── SUPPLIED MATERIAL

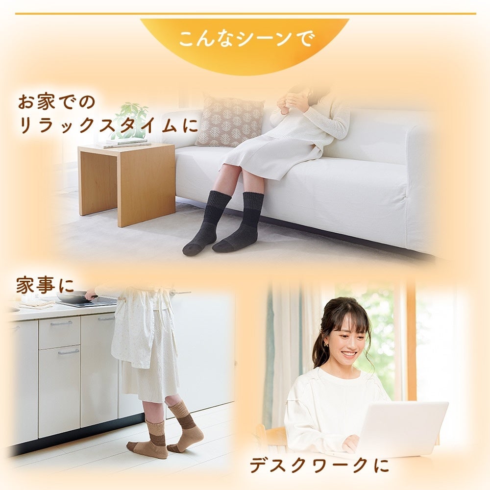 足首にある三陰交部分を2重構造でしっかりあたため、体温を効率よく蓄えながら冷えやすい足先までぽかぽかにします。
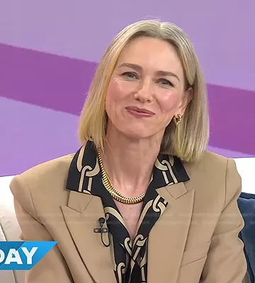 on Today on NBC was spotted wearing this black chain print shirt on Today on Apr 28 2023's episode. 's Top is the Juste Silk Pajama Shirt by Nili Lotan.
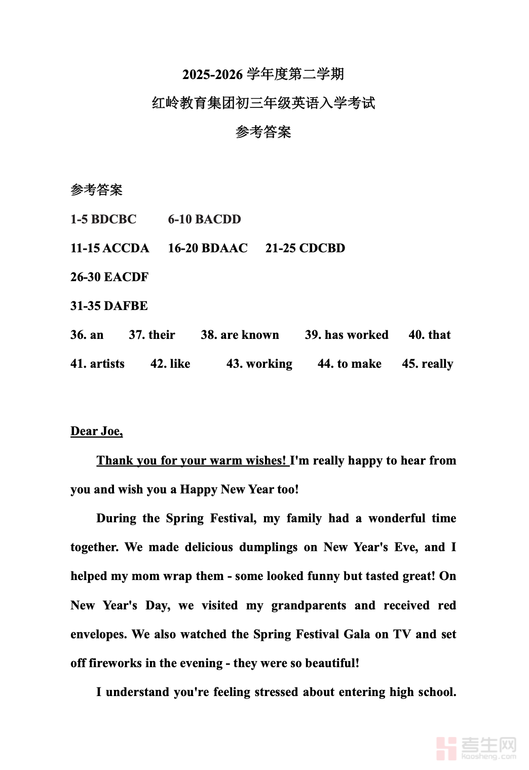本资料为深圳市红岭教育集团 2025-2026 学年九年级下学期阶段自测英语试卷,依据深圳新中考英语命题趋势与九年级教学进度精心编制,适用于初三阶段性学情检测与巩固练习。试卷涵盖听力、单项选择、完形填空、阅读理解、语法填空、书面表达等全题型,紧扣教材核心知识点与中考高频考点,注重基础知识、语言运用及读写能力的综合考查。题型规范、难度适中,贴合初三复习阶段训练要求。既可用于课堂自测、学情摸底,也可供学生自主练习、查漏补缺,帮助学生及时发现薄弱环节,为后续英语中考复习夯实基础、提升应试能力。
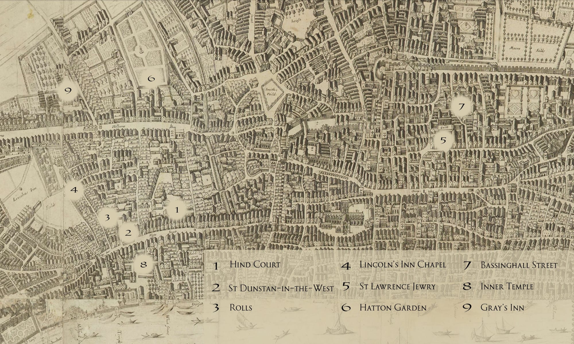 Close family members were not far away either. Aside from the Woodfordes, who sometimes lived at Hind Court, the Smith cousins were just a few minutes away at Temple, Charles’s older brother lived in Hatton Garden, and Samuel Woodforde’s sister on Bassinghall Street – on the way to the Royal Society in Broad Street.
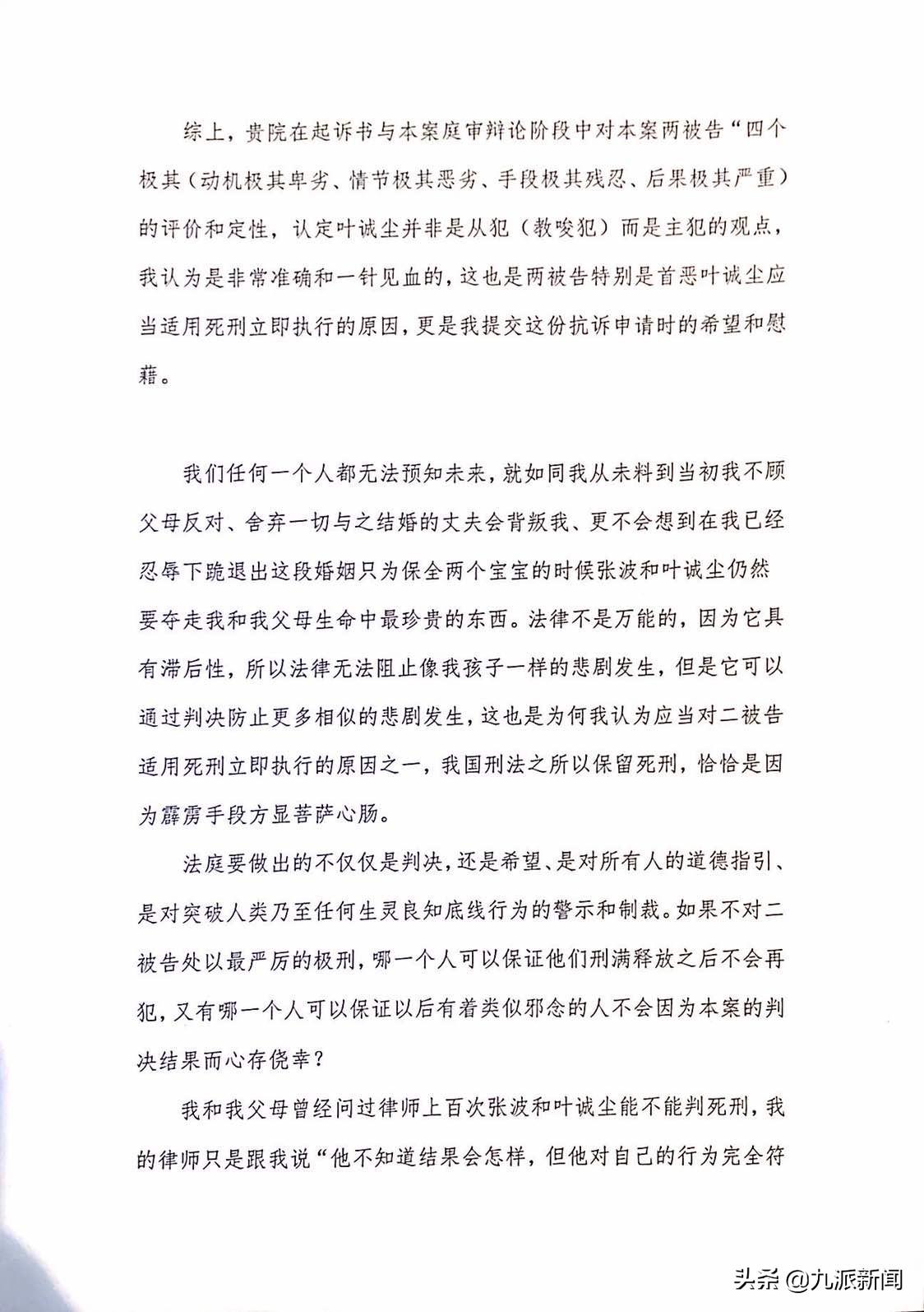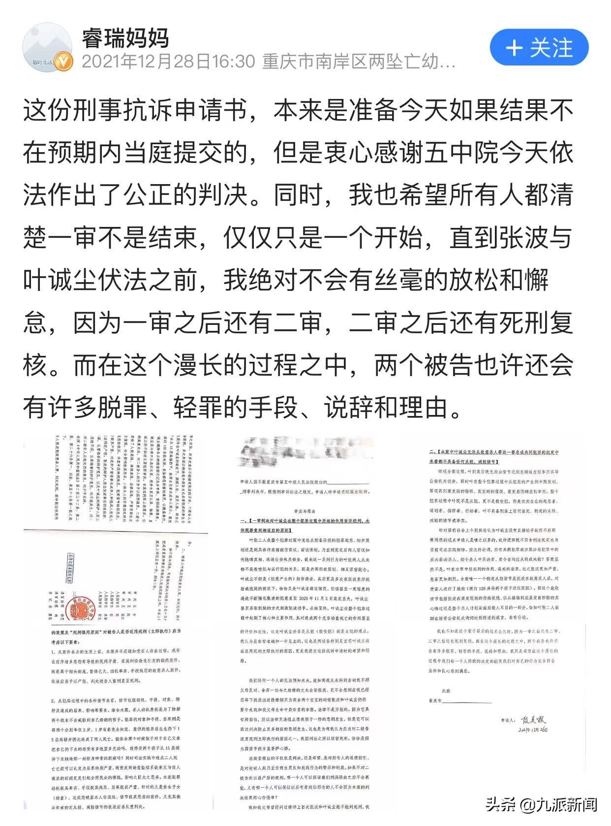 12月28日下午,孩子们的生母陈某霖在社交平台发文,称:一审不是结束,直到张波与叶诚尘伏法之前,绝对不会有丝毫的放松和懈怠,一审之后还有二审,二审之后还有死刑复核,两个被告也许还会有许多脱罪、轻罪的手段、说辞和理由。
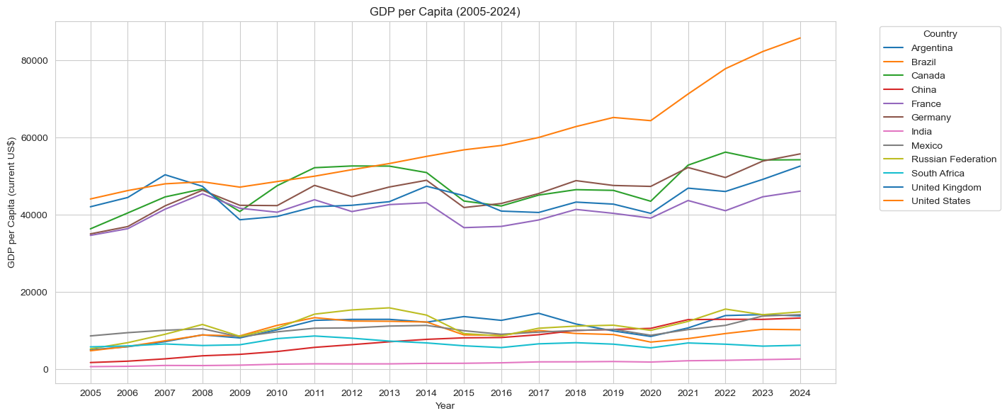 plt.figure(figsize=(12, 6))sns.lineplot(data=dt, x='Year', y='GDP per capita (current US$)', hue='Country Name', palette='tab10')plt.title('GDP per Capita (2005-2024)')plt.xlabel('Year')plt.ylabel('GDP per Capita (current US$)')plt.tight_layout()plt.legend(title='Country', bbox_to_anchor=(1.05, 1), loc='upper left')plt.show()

────

→ **DIRECTIONS FOR THIS TASK**: Output exactly the lines above, from the line with "on Today on NBC" to the line with "12月28日下午,孩子们的生", both included; skip the pictures.

→ **EXERCISE OUTPUT**:
 on Today on NBC was spotted wearing this black chain print shirt on Today on Apr 28 2023's episode. 's Top is the Juste Silk Pajama Shirt by Nili Lotan.
本资料为深圳市红岭教育集团 2025-2026 学年九年级下学期阶段自测英语试卷,依据深圳新中考英语命题趋势与九年级教学进度精心编制,适用于初三阶段性学情检测与巩固练习。试卷涵盖听力、单项选择、完形填空、阅读理解、语法填空、书面表达等全题型,紧扣教材核心知识点与中考高频考点,注重基础知识、语言运用及读写能力的综合考查。题型规范、难度适中,贴合初三复习阶段训练要求。既可用于课堂自测、学情摸底,也可供学生自主练习、查漏补缺,帮助学生及时发现薄弱环节,为后续英语中考复习夯实基础、提升应试能力。
 Close family members were not far away either. Aside from the Woodfordes, who sometimes lived at Hind Court, the Smith cousins were just a few minutes away at Temple, Charles’s older brother lived in Hatton Garden, and Samuel Woodforde’s sister on Bassinghall Street – on the way to the Royal Society in Broad Street.
 12月28日下午,孩子们的生母陈某霖在社交平台发文,称:一审不是结束,直到张波与叶诚尘伏法之前,绝对不会有丝毫的放松和懈怠,一审之后还有二审,二审之后还有死刑复核,两个被告也许还会有许多脱罪、轻罪的手段、说辞和理由。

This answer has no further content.